For the design of the oil pan deflagration warning system, this time we used the Intel OneAPI AI tool to build a solution. Here are the basic steps of the program:

  1. Collect data: First, you need to collect data related to the deflagration of the oil pan, including temperature, smoke, gas and other sensor data. This time we introduce the image analysis module, which trains our model by collecting a large number of deflagration flame and non-flame images. We used the open source FIRESENSE dataset to select data.

  2. Data preprocessing: Preprocess the collected data, including cleaning, normalization, feature extraction and other operations.

    input_image = cv2.resize(frame, (224, 224))
    input_tensor = torch.tensor(input_image).permute(2, 0, 1).unsqueeze(0).float()
    input_tensor /= 255
    input_tensor -= torch.tensor([0.485, 0.456, 0.406]).reshape((1, 3, 1, 1))
    input_tensor /= torch.tensor([0.229, 0.224, 0.225]).reshape((1, 3, 1, 1))
  1. Model training: Use the collected data to train the machine learning model.
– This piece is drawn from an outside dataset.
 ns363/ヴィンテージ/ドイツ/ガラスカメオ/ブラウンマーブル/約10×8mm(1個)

We use Intel PyTorch, etc. to train the model. When training a model, factors such as model parameters, hyperparameters, and loss functions need to be considered.
  2. Model evaluation: Use the test data set to evaluate the performance of the model and evaluate the accuracy, stability and other indicators of the model.
  3. Early warning system: Integrate machine learning models into the early warning system, use sensor data to monitor the status of the oil pan in real time, and use model prediction results to issue early warnings.

2. Plan implementation

1.ResNet-18 model

ResNet-18 is a variant of the deep residual network (ResNet), consisting of 18 residual blocks. This model can be used for image recognition tasks.
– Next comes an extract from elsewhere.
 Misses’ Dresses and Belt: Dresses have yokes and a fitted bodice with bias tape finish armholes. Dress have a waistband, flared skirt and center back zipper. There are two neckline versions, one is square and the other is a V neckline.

First load the pretrained ResNet-18 model from the PyTorchvision library. We then defined the categories for flame recognition and loaded a test image. Next, we use transforms to preprocess the image, convert it into a tensor and feed it into the ResNet-18 model for inference.

...简单示意
model = torchvision.models.resnet18(pretrained=True)

2.Usage of Intel OneAPI AI Kit

1.Intel® Neural Compressor:

Intel® Neural Compressor is designed to provide popular model compression technologies such as quantization, pruning ( sparsity), distillation, and neural architecture search.
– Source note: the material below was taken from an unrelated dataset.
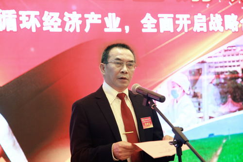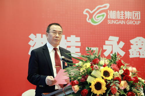 图为永鑫集团董事长、总裁谢华诚发言 。

# 应用Intel® Neural Compressor压缩并保存压缩模型

compression_config = {
    'algorithm': 'Quantization',
    'params': {
        'precision': 8,
        'preserve_sparsity': False,
        'mode': 'ASYMMETRIC',
        'per_tensor_compression_ratio': 0.5
    }
}
compressed_model = apply_compression(model, compression_config)
torch.save(compressed_model, 'fire_quantized.pth')
quantized_model = torch.load('fire_quantized.pth')

2.Intel® Optimization for PyTorch*

PyTorch is a machine learning open source framework based on the mainstream Torch library. Intel® PyTorch* extensions provide additional optimizations for PyTorch,

  1. Install PyTorch: First, you need to install PyTorch. You can download and install the latest version of PyTorch from the official PyTorch website. Make sure your version of PyTorch supports Intel Optimization for PyTorch.

  2. Install Intel Optimization for PyTorch: Download and install the latest version of Intel Optimization for PyTorch from the official Intel website. You can use pip or conda to download Intel Optimization for PyTorch.

  3. Import PyTorch and the optimizer: In your Python code, import PyTorch and the Intel Optimization for PyTorch optimizer.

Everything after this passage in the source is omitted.